This is the bad news.
Happily, there is good news.
Research conducted by sports physiologists such as Timothy Hewett at the
Cincinnati Children’s’ Sports Medicine Biodynamics Center has shown that the
effects of specific neuromuscular training can significantly lower serious knee
ligament injury rates. In fact, trained
females were found to have a lower incidence of injury than of untrained
males. This important discovery is
noteworthy for two reasons: one, this
means that female athletes can be taught proper techniques by coaches and
trainers to help prevent knee ligament injuries; and, two, the lack of proper
training can lead to serious injuries that can either temporarily or
permanently interfere with the athlete’s ability to perform in her chosen
sport. This points to the important fact
that volleyball coaches need to be aware of how their players are performing
some basic skills of the game.
What does this “specific neuromuscular training”
involve? Plyometric training in a
physical therapy or sports conditioning clinic would certainly be indicated for
athletes demonstrating one or more of the above neuromuscular imbalances. But simple coaching techniques that are
reinforced in every practice session can also make a difference.
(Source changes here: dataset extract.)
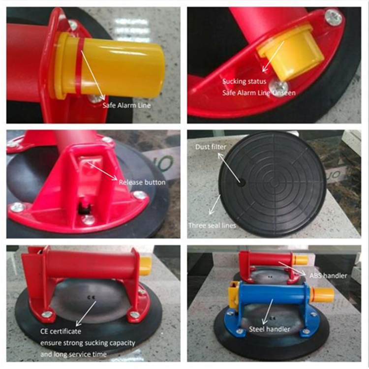 用于吸附非滲漏平滑表面,4次按壓吸附,一鍵放氣,安全指示紅線可隨時發(fā)現(xiàn)泄漏

The following four cues can be stressed to
all players, but particularly to those who perform repetitive jumping:
- Jump
from a low, crouched position with hips and knees bent
- Jump
and land with hips, knees, and middle toes in vertical alignment (no
knock-kneeing)
- Land
softly, “like a feather,” with a toe to mid-foot rocking motion
- Jump
up exploding like a spring and land like a shock absorber
One last note: All
players can benefit from core conditioning focusing on optimizing the strength
and control of the deep abdominal, back, buttock, and inner thigh muscles. This is one type of exercise that can both
prevent and rehabilitate all of the “A.S.K.” injury types.
1 Verhagen
EA, et al (2000). The effect of
preventive measures on the incidence of ankle sprains. Clinical Journal of Sports Medicine, 10(4),
291-296.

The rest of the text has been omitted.